* **WORK REQUEST**:
The material below holds the lines to copy: from the one with "Να προσθέσω και" up to and including the one with "移步蓝月谷景区,清澈水流之上". Copy them exactly and skip the pictures.

* **RECORDS PROVIDED**:
BEGIN

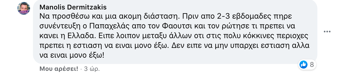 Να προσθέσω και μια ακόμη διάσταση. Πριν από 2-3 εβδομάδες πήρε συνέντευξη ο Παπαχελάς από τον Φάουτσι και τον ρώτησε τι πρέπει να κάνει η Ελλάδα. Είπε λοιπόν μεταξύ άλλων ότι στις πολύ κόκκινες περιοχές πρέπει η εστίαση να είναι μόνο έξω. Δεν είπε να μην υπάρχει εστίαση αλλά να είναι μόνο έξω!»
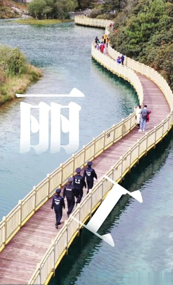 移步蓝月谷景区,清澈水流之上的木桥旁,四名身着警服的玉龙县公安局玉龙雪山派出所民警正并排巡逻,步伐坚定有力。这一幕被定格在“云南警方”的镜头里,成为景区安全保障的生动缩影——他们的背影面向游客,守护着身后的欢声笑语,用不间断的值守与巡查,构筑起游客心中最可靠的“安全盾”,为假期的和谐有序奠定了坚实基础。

END
BEGIN

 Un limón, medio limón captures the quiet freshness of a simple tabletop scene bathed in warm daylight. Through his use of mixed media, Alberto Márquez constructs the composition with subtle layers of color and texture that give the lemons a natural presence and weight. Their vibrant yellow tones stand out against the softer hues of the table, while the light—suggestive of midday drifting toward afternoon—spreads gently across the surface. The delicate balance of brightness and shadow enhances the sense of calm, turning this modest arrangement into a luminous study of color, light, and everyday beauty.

END
BEGIN

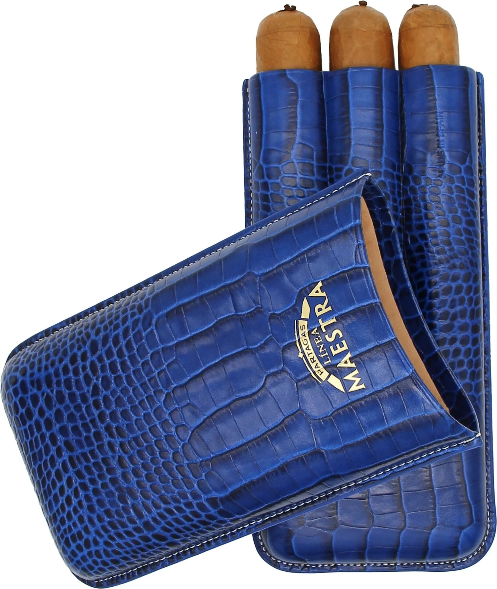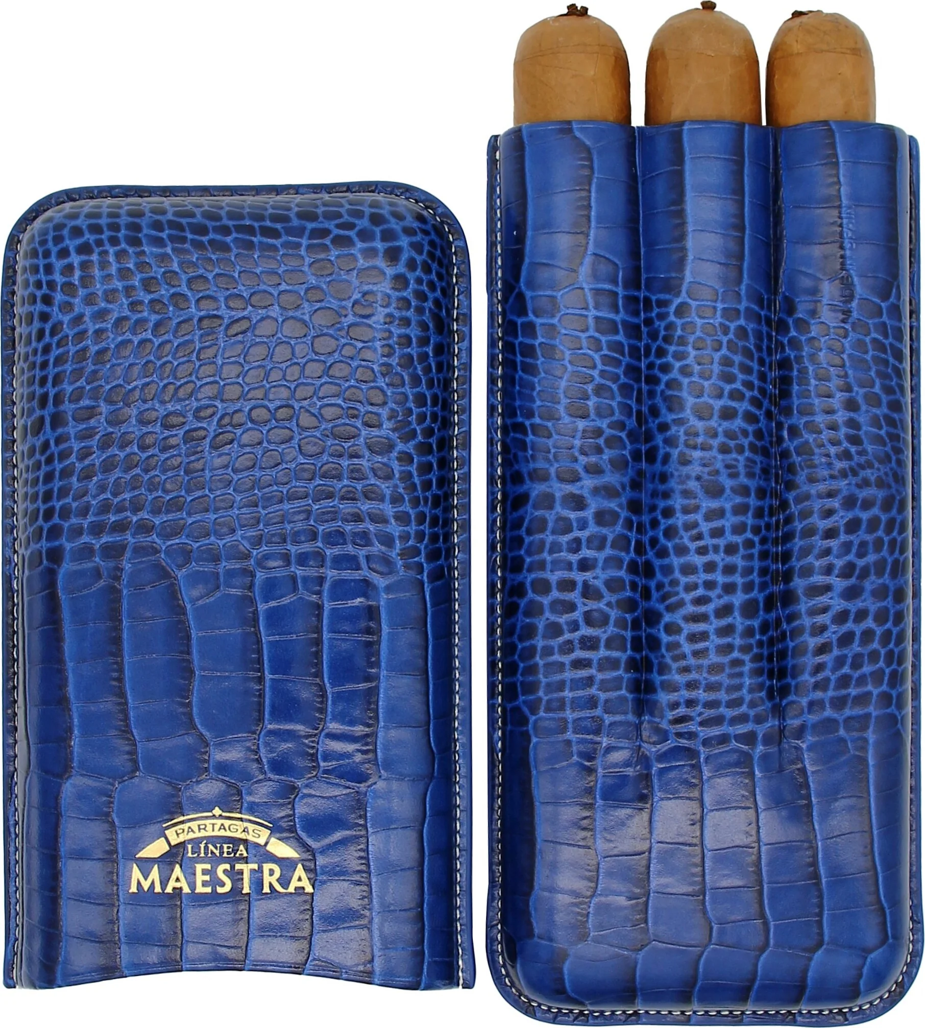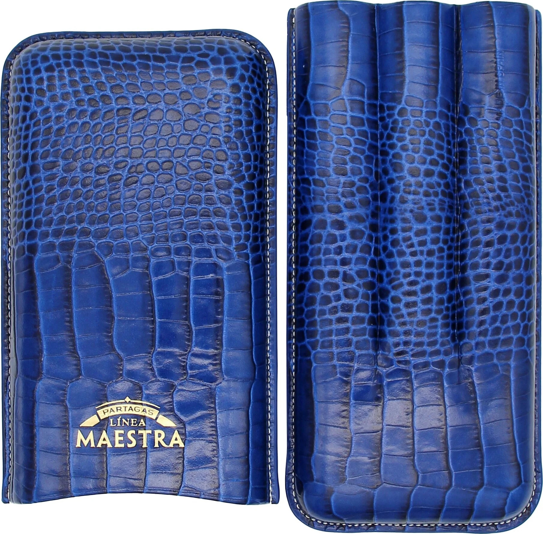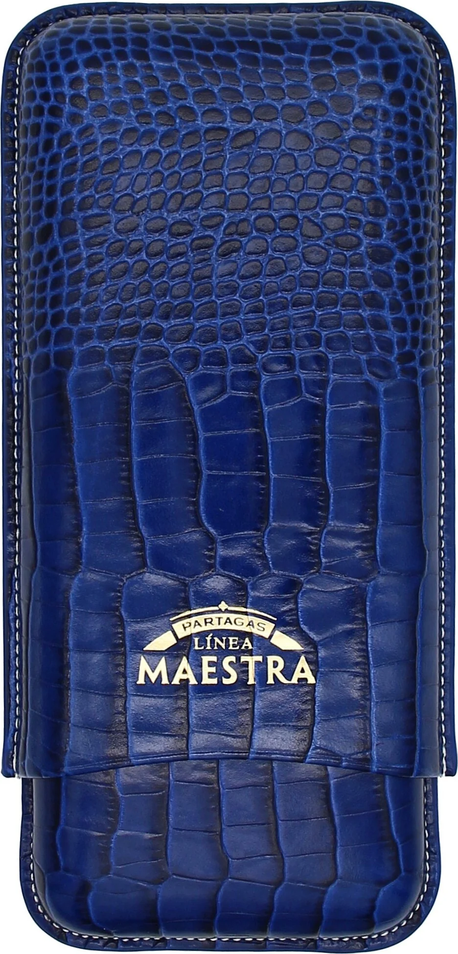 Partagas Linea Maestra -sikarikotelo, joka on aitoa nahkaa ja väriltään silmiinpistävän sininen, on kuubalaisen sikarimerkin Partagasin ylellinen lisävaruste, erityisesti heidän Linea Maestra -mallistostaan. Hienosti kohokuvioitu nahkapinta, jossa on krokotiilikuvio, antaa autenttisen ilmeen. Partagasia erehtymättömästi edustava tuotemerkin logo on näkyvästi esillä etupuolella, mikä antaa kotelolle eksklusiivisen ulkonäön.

END

* **ANSWER AREA**:
 Να προσθέσω και μια ακόμη διάσταση. Πριν από 2-3 εβδομάδες πήρε συνέντευξη ο Παπαχελάς από τον Φάουτσι και τον ρώτησε τι πρέπει να κάνει η Ελλάδα. Είπε λοιπόν μεταξύ άλλων ότι στις πολύ κόκκινες περιοχές πρέπει η εστίαση να είναι μόνο έξω. Δεν είπε να μην υπάρχει εστίαση αλλά να είναι μόνο έξω!»
 移步蓝月谷景区,清澈水流之上的木桥旁,四名身着警服的玉龙县公安局玉龙雪山派出所民警正并排巡逻,步伐坚定有力。这一幕被定格在“云南警方”的镜头里,成为景区安全保障的生动缩影——他们的背影面向游客,守护着身后的欢声笑语,用不间断的值守与巡查,构筑起游客心中最可靠的“安全盾”,为假期的和谐有序奠定了坚实基础。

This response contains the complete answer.